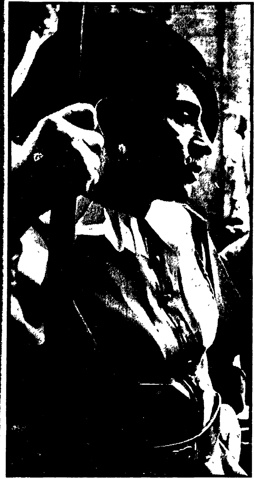
E' proprio lui: è Walter Chiari che ha dovuto indossare i panni di «aguzzino dei Papi» come diceva il Belli, e farsi crescere un bel palo di baffi, per interpretare insieme con Marcello Mastroianni, Vittorio De Sica, Sylvia Koscina e altri molti attori il film «Io, lo, e gli altri» di Blasetti
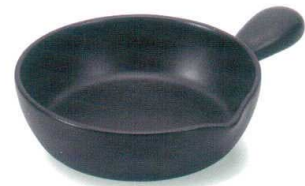
632-204-811 2,500円 F 耐熱ソースパン大 (26.5×18×5) 560840681
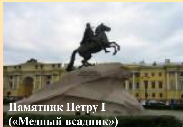
Памятник Петру I («Медный всадник»)
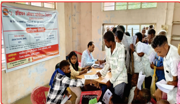
Assessment by the CRC Ahmedabad team at the equipment assistance camp organized by IOCL.
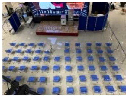
開閉会式および発表会のイメージ
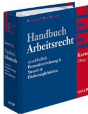
Handbuch Arbeitsrecht Ladenpreis: 198,00 EUR
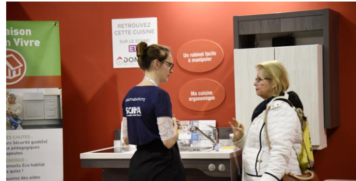
Maison du Bien Vivre
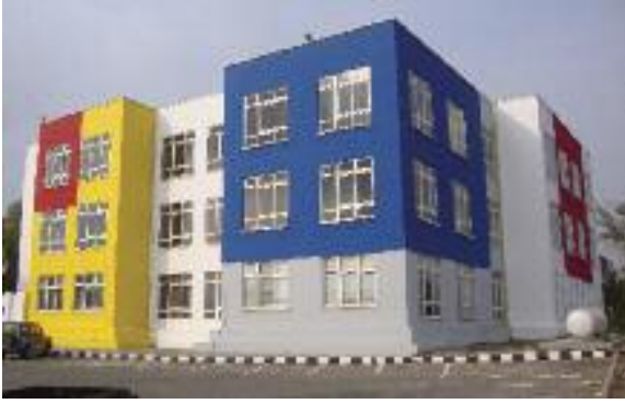
Mimarlık Fakültesi binası

Doğu Akdeniz Üniversitesi'nin en köklü fakültelerinden biri olan Mimarlık Fakültesi'nin Mimarlık Bölümü, Türkiye Mimarlık Akreditasyon Kurulu (MIAK) Akreditasyon sürecine girmiş bulunmaktadır.
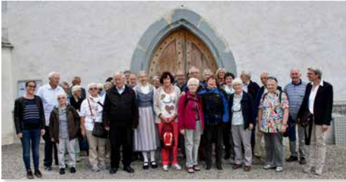
Auffahrtsausflug Reformationsstadt Ilanz
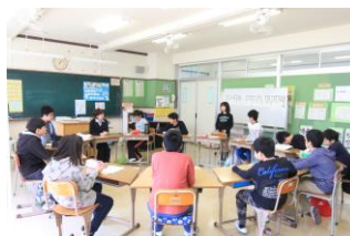
一人ひとり自己紹介しました
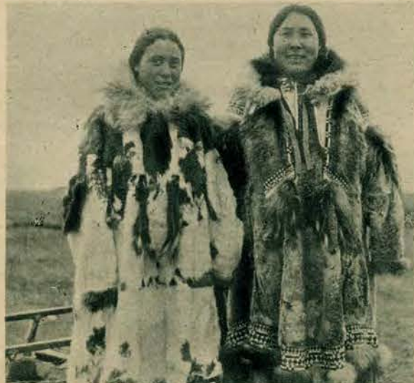
Dwie eskimoskie piękności z północnych wybrzeży Alaski. Zwrócić należy uwagę na artystyczne zdobienie płaszczy futrzanych kolorowymi skrawkami skóry i futra.
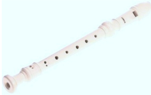
Şekil 6. Blok flüt

Çelik Üçgen: Brezilya’da yaygın olarak kullanılır. Orijinal adı, bir metal çubuğun üçgen şekli oluşturacak şekilde bükülmesiyle oluşan şeklinden ötürü “triangle” olup, yine küçük bir metal çubukla çalınır.
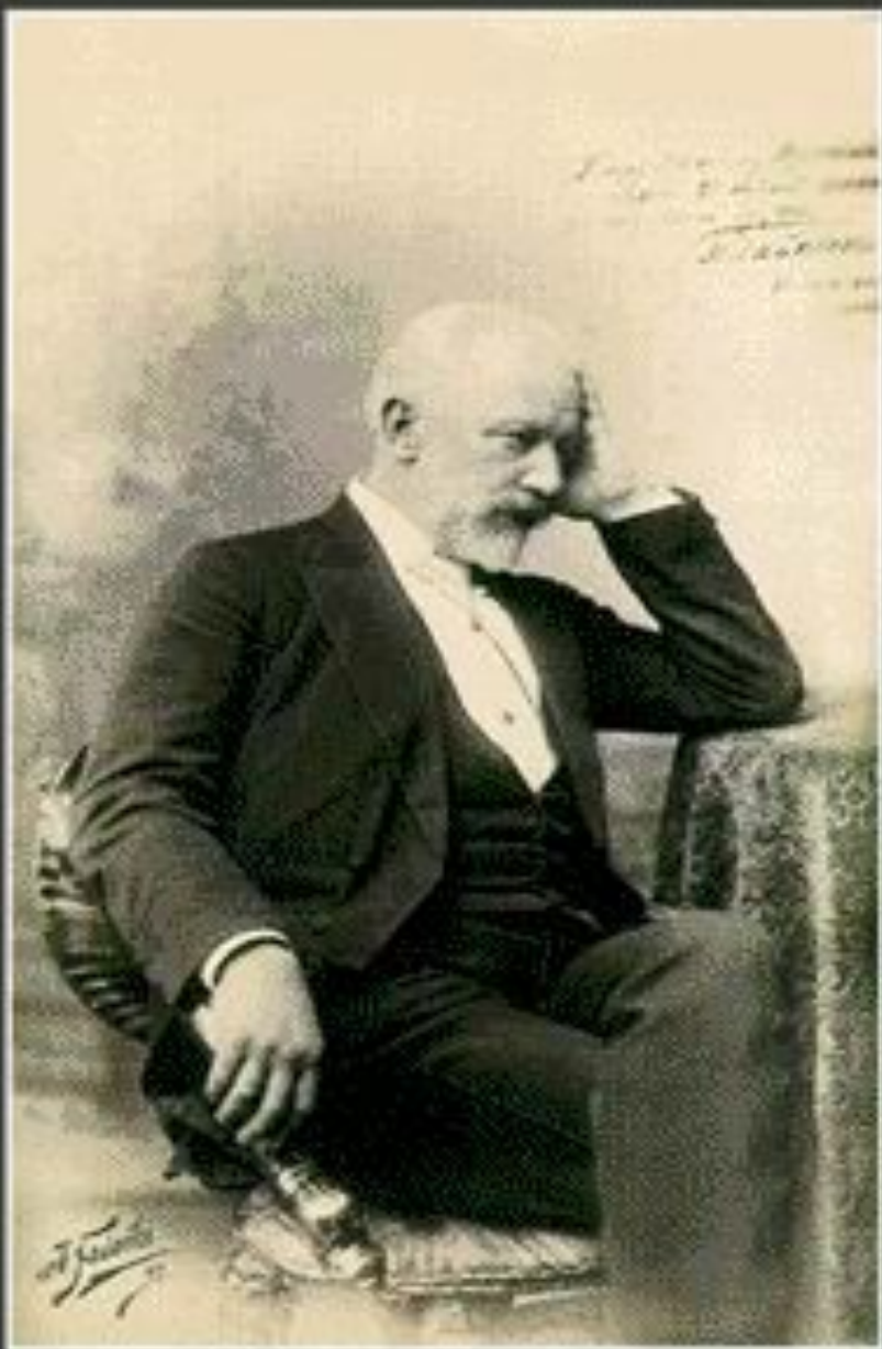
Пётр Ильич Чайковский
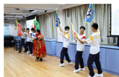
同學體驗川劇藝術
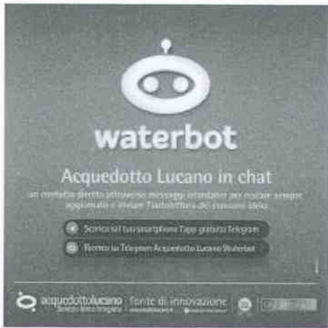
post.jpg ~444 KB
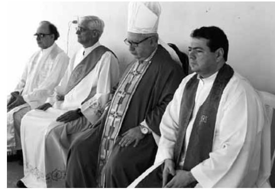
Missa de Inauguração
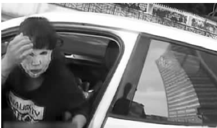
贴着面膜开车的女司机

快报讯(通讯员 陈曦 实习生 苏杰 记者 王瑞)因为赶着接孩子放学,女司机从美容院出来,还敷着面膜就开起了车。结果由于面膜影响视线,闯了红灯,被交警拦下才意识到自己违规。
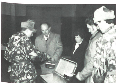
Das währschafte Pot-au-feu aus der Kochkiste mündete Zivilisten und Militär.

Diese RS absolvierte die Grundausbildung das letzte Mal unter provisorischen Bedingungen. Für die am 14. Juli beginnende Sommer-RS werden die neue Kaserne und militärischen Anlagen im «Auenfeld» zur Verfügung stehen. Teilweise erfolgte die Ausbildung bereits in der Frühjahrs-RS in den neuen Bauten. Am Besuchstag bestand die Möglichkeit zu deren Besichtigung. Die offizielle Einweihung wird am 26. September erfolgen mit anschliessendem Tag der offenen Tür am 27. September.
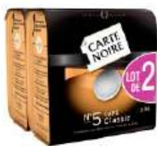
Carte Noire dosettes N°5 Classic 2x36
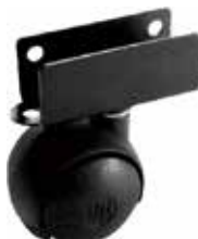
RE 38 CHU Rodízio 38 mm chapa U 15 mm
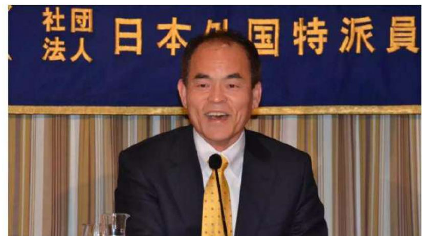
Shuji Nakamura says the Asian educational system "is a waste of time."
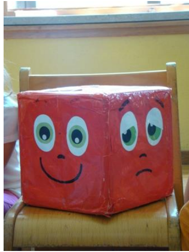
Fig.14 – Il dado dei sentimenti
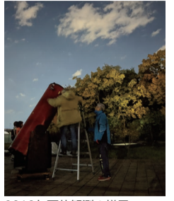
2019年天体観測の様子
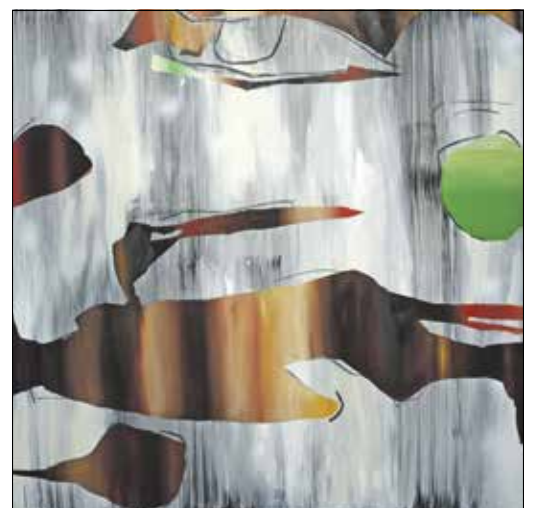
Koszorús Rita: Nyírfá
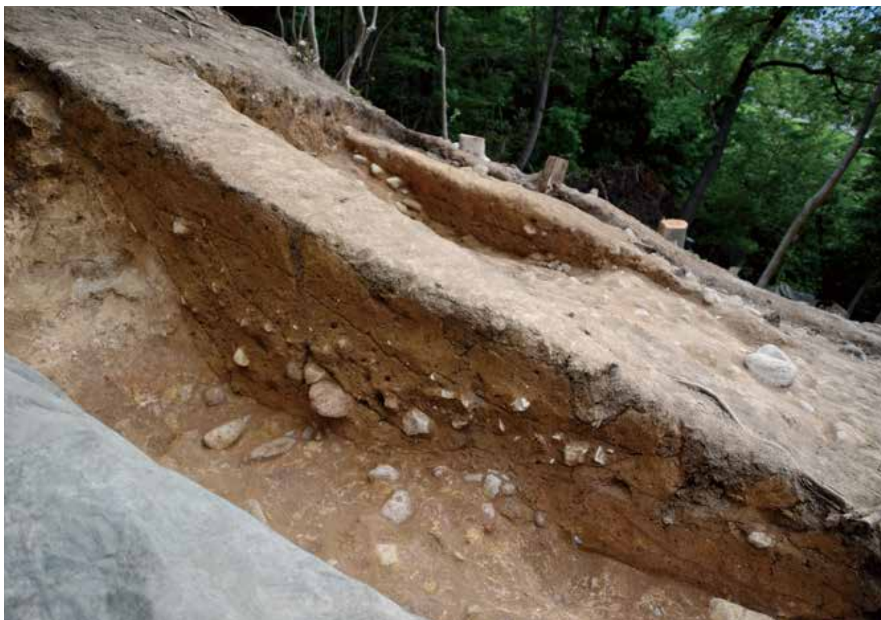
2 南側区画溝及び墳丘盛土 Y-Y' ライン 北東から

_Exercise brief_. With pictures excluded, the lines running from the one containing "Shuji Nakamura says" through the last line of the records above are to be restated exactly and in full.

_Response to this task_.
Shuji Nakamura says the Asian educational system "is a waste of time."
Fig.14 – Il dado dei sentimenti
2019年天体観測の様子
Koszorús Rita: Nyírfá
2 南側区画溝及び墳丘盛土 Y-Y' ライン 北東から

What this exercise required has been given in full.